Знакомство

В те дни я обожала пить кофе, пялясь в окно на задворки исторического центра. Уютная сталинка напротив подслеповато щурилась оконцами. Я изо дня в день упражнялась в ясновидении, пытаясь вникнуть в жизнь тамошних обитателей. Наконец у меня появилось ощущение, мучительное, как влюбленность, что там, в угловой квартире четвертого этажа существует кто-то с кем мы должны обязательно встретиться.
Любопытство меня разобрало вконец, и я взяла моду приходить в этот дворик в обеденный перерыв и просто прогуливаться под окнами. Однажды мне повезло, дверь подъезда распахнулась, и из дома вышла старуха с мусорным ведром, в пальто, накинутом на ночную сорочку, и в летних туфлях на босу ногу – несмотря на апрельский снег. Старуха стала выбивать ведро в мусорный контейнер, гневно скандируя непонятно в чей адрес: свввооолочь, сволочччь. Сволочььь….. финально саданув ведром, она развернулась и двинулась обратно к подъезду. На поредевшей макушке – торчали дыбом седые космы. Мне удалось остаться за чертой ее видимости, а вот подвальным котам – нет. Заметив вытягивающегося по-улиточьи из подвального вентиляционного отверстия тигрового окраса котика, старуха нагнулась, схватила ледяной ком и с руганью запустила в него. В подъездных окнах старуха мелькнула ровно четыре раза. Неужели там живет всего-навсего эта горгона?
Я решилась на авантюру, которая даже для меня была чересчур. Распечатала на принтере какой-то опросник о качестве жилищно-коммунальных услуг, сделала себе ложное удостоверение сотрудника жилищно-бытовой компании, заламинировала его, и, улучив момент, когда в подъезд заходили жильцы, проскользнула в закрывающуюся дверь. Подъезд был самого затрапезного вида. На нижнем подоконнике красовалась консервная банка, доверху наполненная окурками, стены напоминали географическую карту с контурами материков из облезлой краски.

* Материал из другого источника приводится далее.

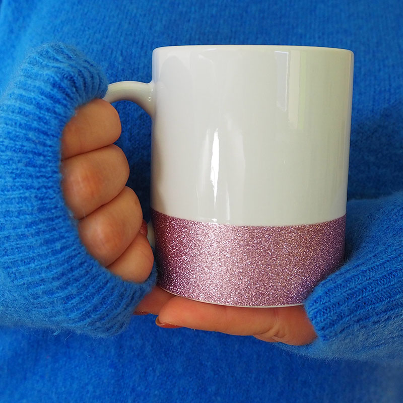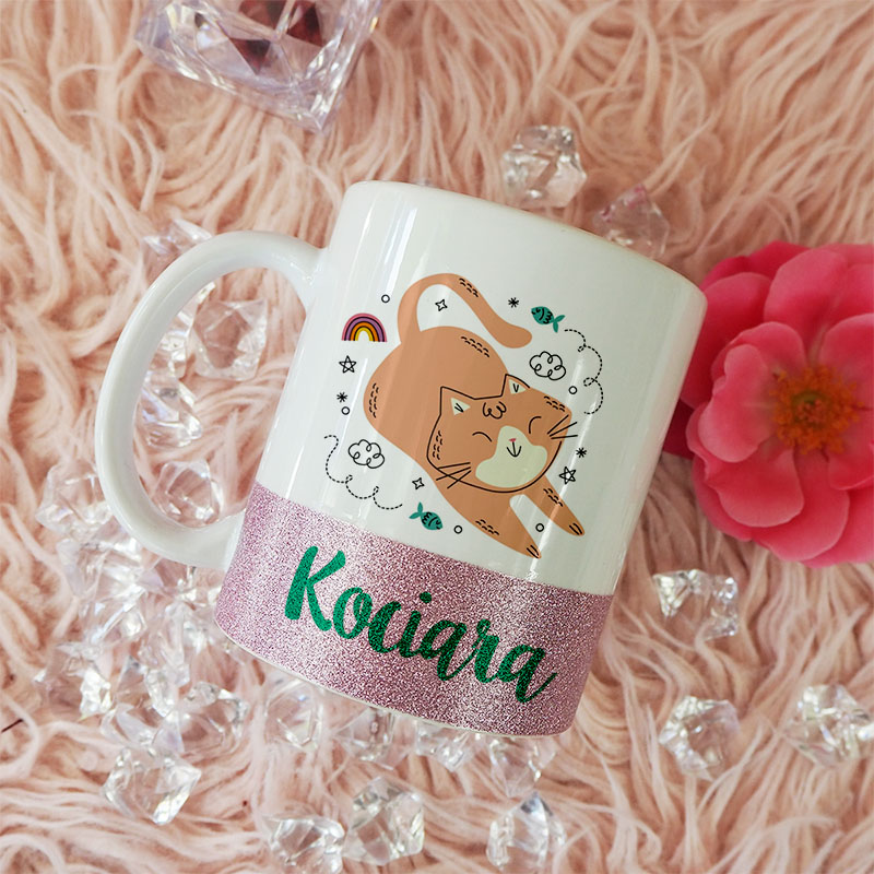 Special glitter on white mug draws attention - perfect for advertising and marketing campaigns. Sublimation mugs with glitter stripe can present company's logo and they can be an excellent advertising gadget. Shimmering coloured mug with graphics or funny sentences are sure to brighten everyone's day.
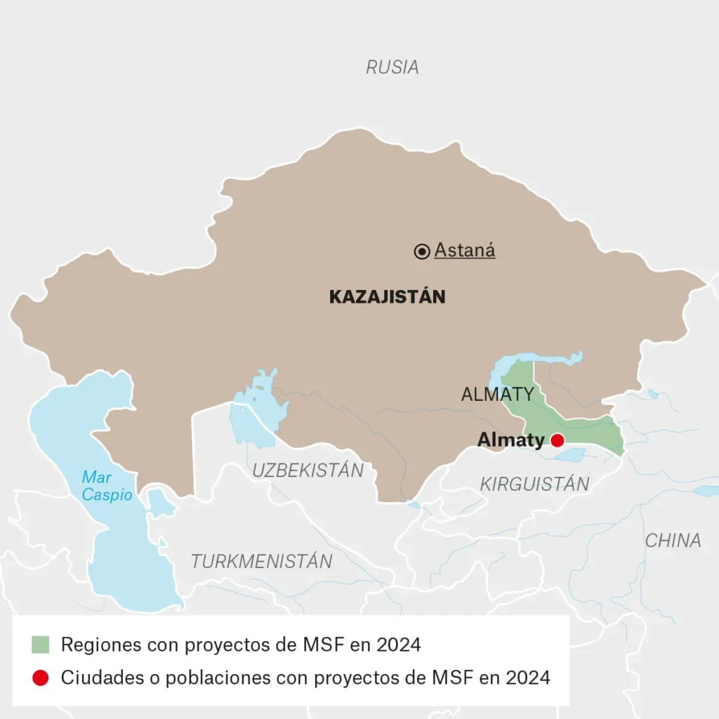 Nº de profesionales * de MSF en 2023: 6 | Gastamos 0,4 millones de € | MSF trabajamos por primera vez en Kazajistán en 1996

Некогда квартиры в этом доме давались только за заслуги перед партией, в доме жила городская номенклатура, стены были выкрашены розоватой краской, по широким перилам можно было кататься. Окна сияли, на подъездных окнах красовались шторки, всюду стояли цветы в горшках. Неусыпный уход персонала коммунальной конторы за состоянием подъезда придавал элите веру в респектабельное светлое будущее во веки веков.
Я поднялась по отполированным ступеням, неглубоким и приятным как фортепианные клавиши и очутилась перед шоколадной дверью с замысловатыми резными узорами, точь-в точь как в ведьминском домике из сказки про Гензеля и Гретель.
Звонок хрипло пукнул. И через какое-то время, пока ошеломленная квартира гудела как колокол, из глубины комнат раздалось шарканье. С той стороны двери прильнули к глазку, и знакомый сварливый голос прохрипел из-за двери:
– Кто тааам?
– Это из коммунальной конторы, опрос. – звонко протараторила я.
Мой голос видно успокоил старушенцию, звякнула цепочка, взвизгнула щеколда, и дверь отворилась.
–Откуда? – переспросила она сердито.
Я повторила.
– Думала пенсию принесли. – обвинительно заявила она. – Что у вас там?
– Проводим опрос по оценке качества услуг – жизнерадостно разъяснила я.
–Тьфу ты! Да пропадите вы пропадом со своими опросами! – гаркнула старуха, начиная закрывать дверь.
– Минутку, – сказала я, придерживая дверь. – Вам нужно расписаться, если вы отказываетесь от участия в опросе. И причину надо указать.
– Чтоооо? – Взъярилась старуха. – Давай сюда, я подпишу, и причину укажу. – она выхватила у меня листы, и поднесла к самому лицу. Потом обессилев, развернулась в сторону комнат и крикнула – Вееета!!! Очки! Ручку!
В комнатах тихо, как биение бабочки о стекло послышалось чье-то движение. В коридор вышла девушка.
Старуха поставила свою размашистую роспись с завитушкой, поднаторев в былые годы в этом деле на министерском поприще. А потом в графе «причина отказа» хулигански вывела выразительную дулю.
– а я сейчас еще в контору вашу позвоню – погрозила она мне огромным указательным, встряхивая его как градусник. – покарауль ее. – приказала старуха девушке и отправилась в комнату, где стоял телефон.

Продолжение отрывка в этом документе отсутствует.